0
0
Commit Graph

167 Commits

Author SHA1 Message Date
Steve Yen
99ed127176 scorch zap merge optimize newDocNums lookup to outside of loop
And, also a "go fmt".
2018-02-26 14:23:55 -08:00
Steve Yen
98d5d7bd81 scorch zap chunkedIntCoder optimizations
The optimizations / changes include...

- reuse of a memory buf when serializing varint's.

- reuse of a govarint.U64Base128Encoder instance, as it's a thin,
  wrapper around an underlying chunkBuf, so Reset()'s on the
  chunkBuf is enough for encoder reuse.

- chunkedIntcoder.Write() method was changed to invoke w.Write() less
  often by forming a larger, reused buf.  Profiling and analysis
  showed w.Write() was getting called a lot, often with tiny 1 or 2
  byte inputs.  The theory is w.Write() and its underlying memmove()
  can be more efficient when provided with larger bufs.

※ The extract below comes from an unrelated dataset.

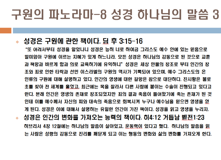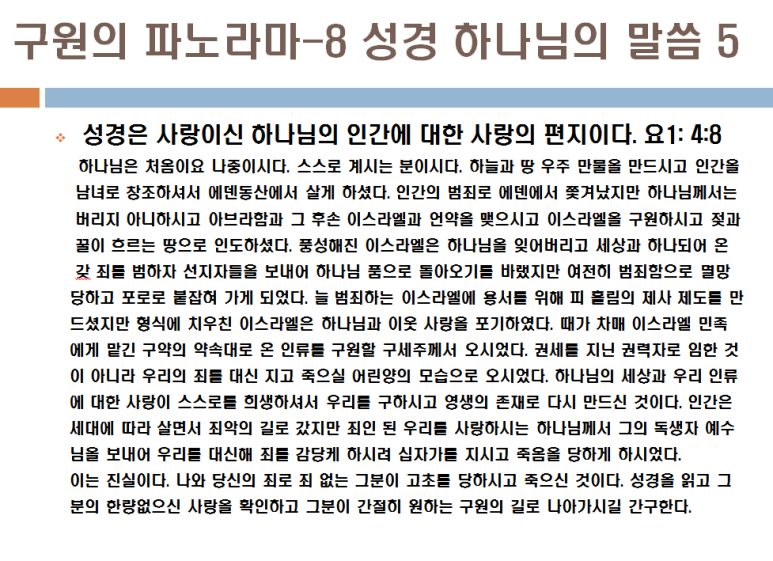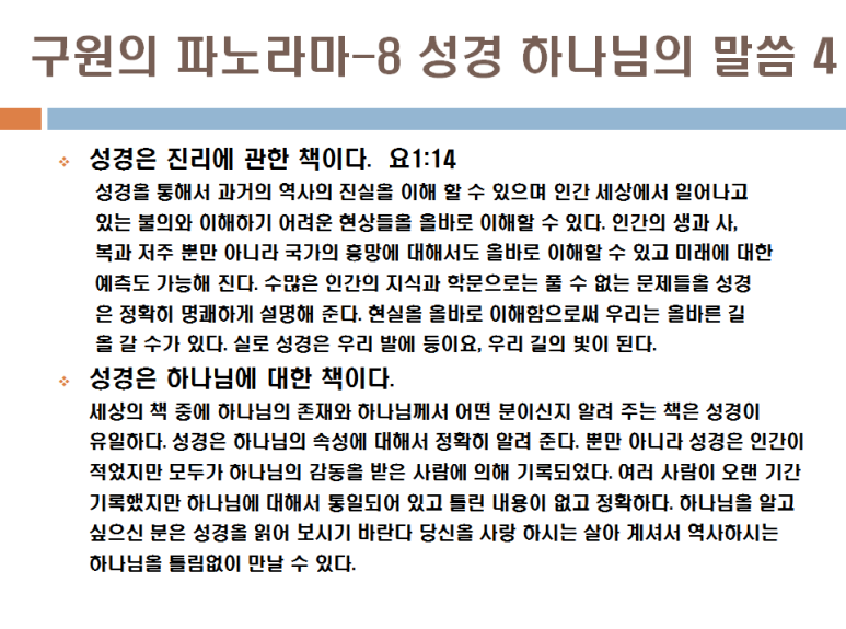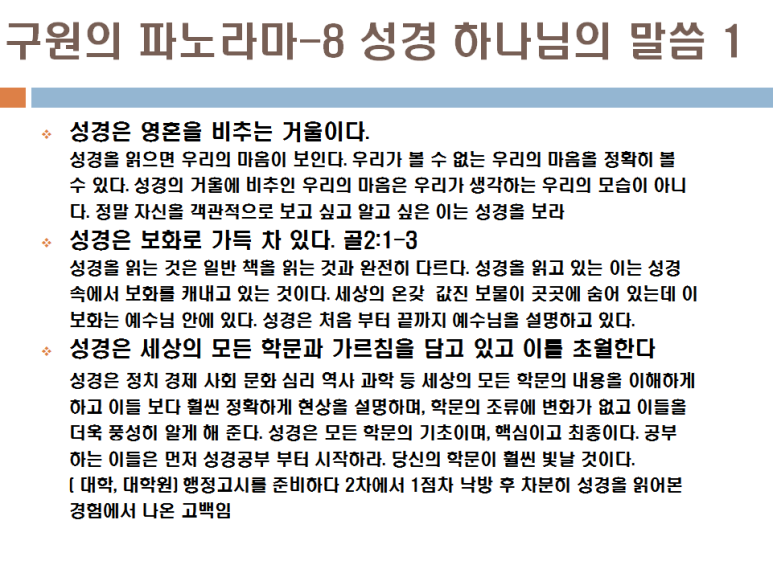 구원의 파노라마 8: 성경에 대하여(About Bible)

- some repeated code removal, by reusing the Close() method.
2018-02-26 14:17:09 -08:00
Steve Yen
ce2332e111 scorch zap merge reuses tf/locEncoder across terms
The finishTerm() helper func that's invoked on every outer loop resets
the tf/locEncoders so they can be safely reused.
2018-02-26 11:37:11 -08:00
Steve Yen
a0b7508da7 scorch zap mergeSegmentBases() func
As part of this, zap.MergeToWriter() now returns more information --
enough so that callers can now create their own SegmentBase instances.

Also, the fieldsMap maintained and returned by zap.MergeToWriter() is
now a mapping from fieldName ==> fieldID+1 (instead of the previous
mapping from fieldName ==> fieldID).  This makes it similar to how
fieldsMap are handled in other parts of zap to avoid "zero value"
issues.
2018-02-19 14:13:31 -08:00
Steve Yen
720010783e scorch zap InitSegmentBase() helper func
Refactored out a zap.InitSegmentBase() func so that non-zap packages
can create SegmentBase instances.
2018-02-19 14:13:31 -08:00
Steve Yen
fe544f3352 scorch zap merge uses enumerator for vellum.Iterator's 2018-02-12 21:28:46 -08:00
Steve Yen
a073424e5a scorch zap dict.postingsListFromOffset() method
A helper method that can create a PostingsList if the caller already
knows the postingsOffset.
2018-02-12 20:54:07 -08:00
Steve Yen
2158e06c40 scorch zap merge collects dicts & itrs in lock-step
The theory with this change is that the dicts and itrs should be
positionally in "lock-step" with paired entries.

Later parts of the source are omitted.